Penyebabnya sejumlah syarat formal belum bisa dipenuhi. Syarat formal yang dimaksud yakni luas tanah, bentuk tanah, maupun batas-batasnya.
“Ini kan perkara tanah, jadi syarat formalnya harus jelas. Baik luas, bentuk, maupun batasnya. Kalau dalam perkara itu kan penggugat dalilnya objek sengketa berbentuk persegi panjang,
sedangkan tergugat bentuknya segitiga. Saat hakim melakukan pemeriksaan setempat, dalil yang diajukan penggugat berbeda dengan sertifikat yang secara formal telah terbit,” jelasnya.
Dengan putusan tersebut, Dipa mengatakan, belum ada pihak yang dinyatakan menang atau kalah dalam perkara tersebut.
“Jadi perkara ini masih seperti semula, seperti awal. Tidak ada yang menang maupun kalah,” tegasnya.
Sementara itu Kuasa Hukum krama Desa Pakraman Dharmajati, Ketut Suartana mengatakan, pihaknya masih pikir-pikir terhadap putusan tersebut.
“Peluangnya ada dua, kami ajukan gugatan ulang atau banding. Kami akan tunggu paruman dulu,” kata Suartana.
Sementara itu kuasa hukum tergugat Wayan Angker, Ngurah Sentanu mengatakan, pihaknya hanya isa bersifat pasif dalam perkara perdata itu.
“Kami sifatnya hanya pasif. Menurut kami, (putusan) itu sudah pertimbangan yang cukup jelas dari majelis hakim. Kami sekarang hanya menunggu saja, bagaimana nanti dari penggugat,” ujarnya.
Sekadar diketahui, sengketa lahan adat di Desa Pakraman Dharmajati telah berlangsung bergulir sejak 2017 lalu.
Lahan dengan status pelaba pura desa seluas 13 are, ternyata disertifikatkan oleh Wayan Angker pada 2001 silam.
Krama baru mengetahui lahan itu dikuasai perorangan, setelah Wayan Angker melakukan pemagaran pada penghujung 2017 lalu. Krama pun meradang dan meminta agar lahan itu dikembalikan pada adat sesuai dengan peruntukannya.

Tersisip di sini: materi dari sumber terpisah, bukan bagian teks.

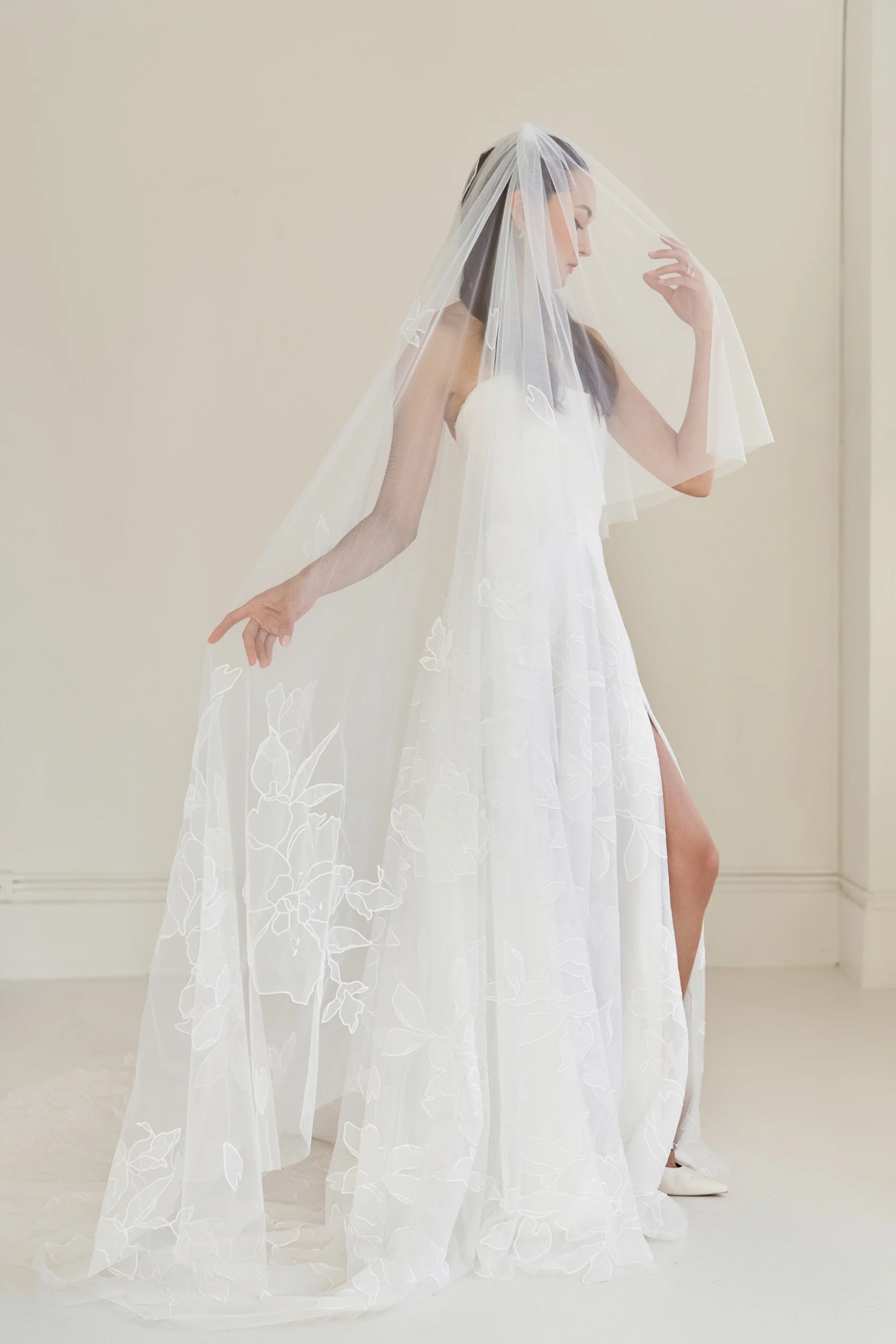Included is the Simone Veil (90" with 28" blusher) to complete the look.
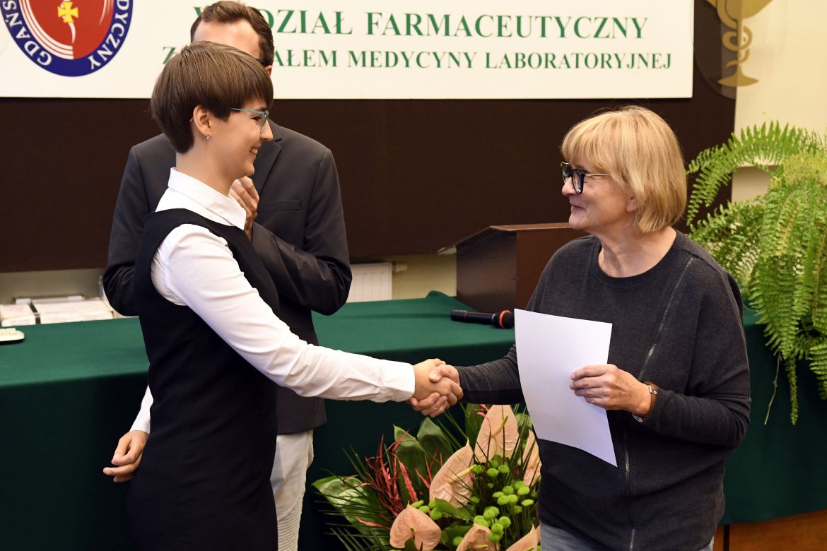 Mgr Kornelia Sałaga-Zaleska wygrała konkurs prac magisterskich Oddziału Medycyny Laboratoryjnej, który odbył się 6 listopada br. Została doceniona za pracę pt. „Ocena wybranych parametrów równowagi oksydacyjno-redukcyjnej u dzieci z zespołem Downa”, która powstała w Zakładzie Chemii Klinicznej pod kierunkiem dr. hab. Macieja Jankowskiego, prof. nadzw. i dr Agnieszki Kuchty. Drugie miejsce zajęła mgr Paulina Natalia Świniarska za pracę pt. „Ilościowa ocena ekspresji genu SHH na poziomie mRNA i białka w raku jasnokomórkowym nerki”. Promotorem pracy wykonanej w Katedrze i Zakładzie Histologii był dr hab. inż. Piotr M. Wierzbicki. Trzecie miejsce przypadło mgr Justynie Sakowskiej, która pod opieką prof. Piotra Trzonkowskiego i dr. Macieja Zielińskiego z Zakładu Immunologii Klinicznej i Transplantologii wykonała pracę pt. „Rekonstytucja limfocytów B krwi obwodowej po leczeniu rituximabem u dzieci z cukrzycą typu 1”. Laureatką Nagrody Publiczności ufundowanej przez Studenckie Towarzystwo Diagnostów Laboratoryjnych GUMed została mgr Kornelia Sałaga-Zaleska.
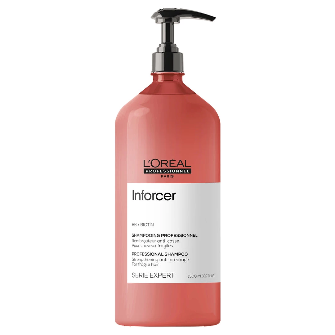 L’Oréal Professionnel’s Inforcer Shampoo transforms fragile and breaking hair. The reinforcing formula is enriched with strengthening properties of Biotin and Vitamin B6, the shampoo gently cleanses daily dirt and impurities while working to restore hair density and resilience.
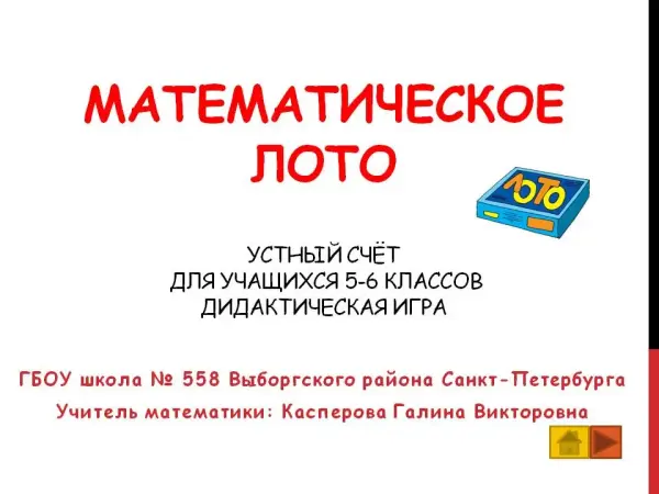 Математическое лото не отменяет, а дополняет, изменяет традиционные виды контроля в обучении математике, проверяет знание терминологии, процедур, правил, умение анализировать.
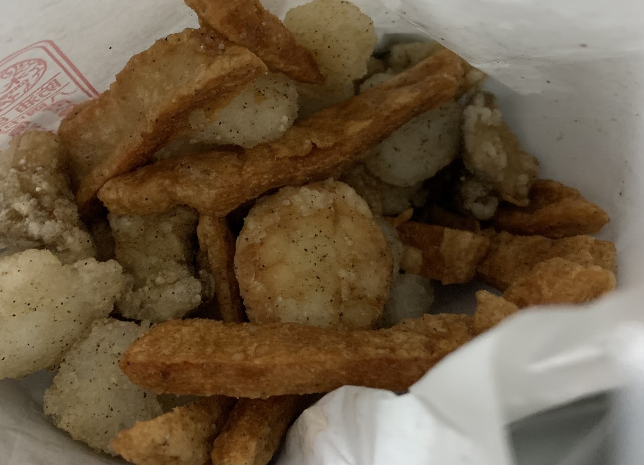 點了雞皮 柳葉魚 魷魚 鹽酥雞 雞蛋豆腐 銀絲卷,每樣都很好吃!尤其是銀絲卷(甜)~不油必點,建議可以打電話先叫
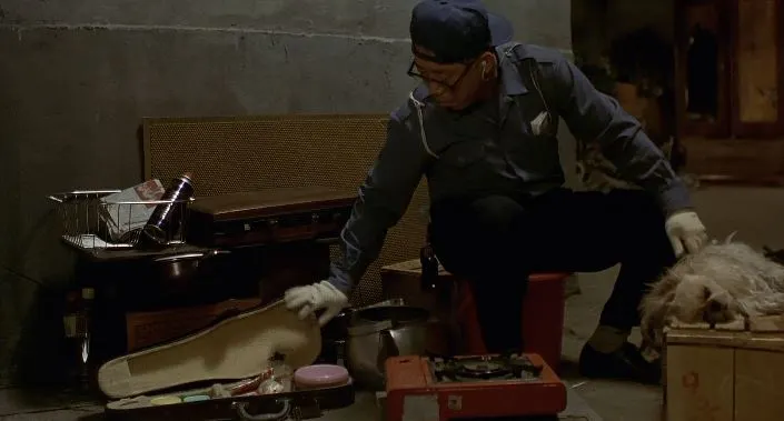 여전히 고윤주는 얄미운 인물이지만 개를 찾아 나서며 고생을 하는 이 지점부터 고윤주가 조금은 측은하게 보이기 시작하고, 관객은 스스로를 고윤주와 동일시한다. 관객은 이미 두 차례 개로 탕을 끓인 경비원이 야채를 사서 지하실로 향하는 것을 보고 고윤주네 개를 먹으려 하는 걸로 의심하고, 옥상에서 고윤주네 개를 잡아먹으려 하는 노숙자에게 불편한 눈길을 보낸다. 카메라 너머의 방역 연기는 고윤주가 개를 잊어버리게끔 하는 원인이자 스크린 너머 관객의 인식을 전환시키는 전도의 역할을 한다. 관객은 경비원, 노숙자, 관리소 여직원, 문구점 여자와 같이 무고한 사람이 아니라, 악인인 고윤주에게 이입하게 된다.
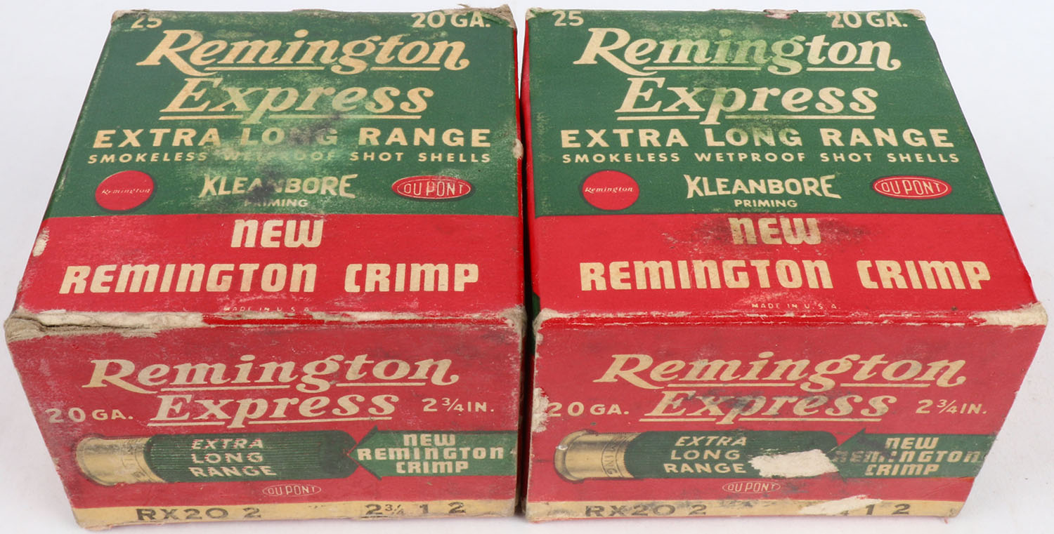 Lot of 2 Remington, 20ga., 1pc., Appears Full, shot size 2, multi-colored box. Grade: Very Good ++ - Value: 10 to 30
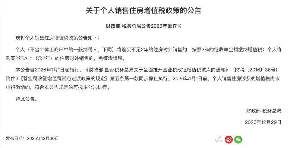 1、昨天1个重磅政策财政部、税务总局发布《关于个人销售住房增值税政策的公告》称,个人(不含个体工商户中的一般纳税人,下同)将购买不足2年的住房对外销售的,按照3%的征收率全额缴纳增值税;个人将购买2年以上(含2年)的住房对外销售的,免征增值税。

Proses mediasi sudah beberapa kali dilakukan, namun mentok. Wayan Angker tetap menyatakan lahan tersebut sebagai miliknya.
Angker justru menawarkan tukar guling dengan lahan miliknya yang ada di Desa Tegallinggah. Krama menolak mengingat lahan yang kini menjadi objek sengketa, digunakan untuk kegiatan melasti. Desa adat melalui kuasa hukumnya kemudian mengajukan gugatan perdata ke Pengadilan Negeri Singaraja.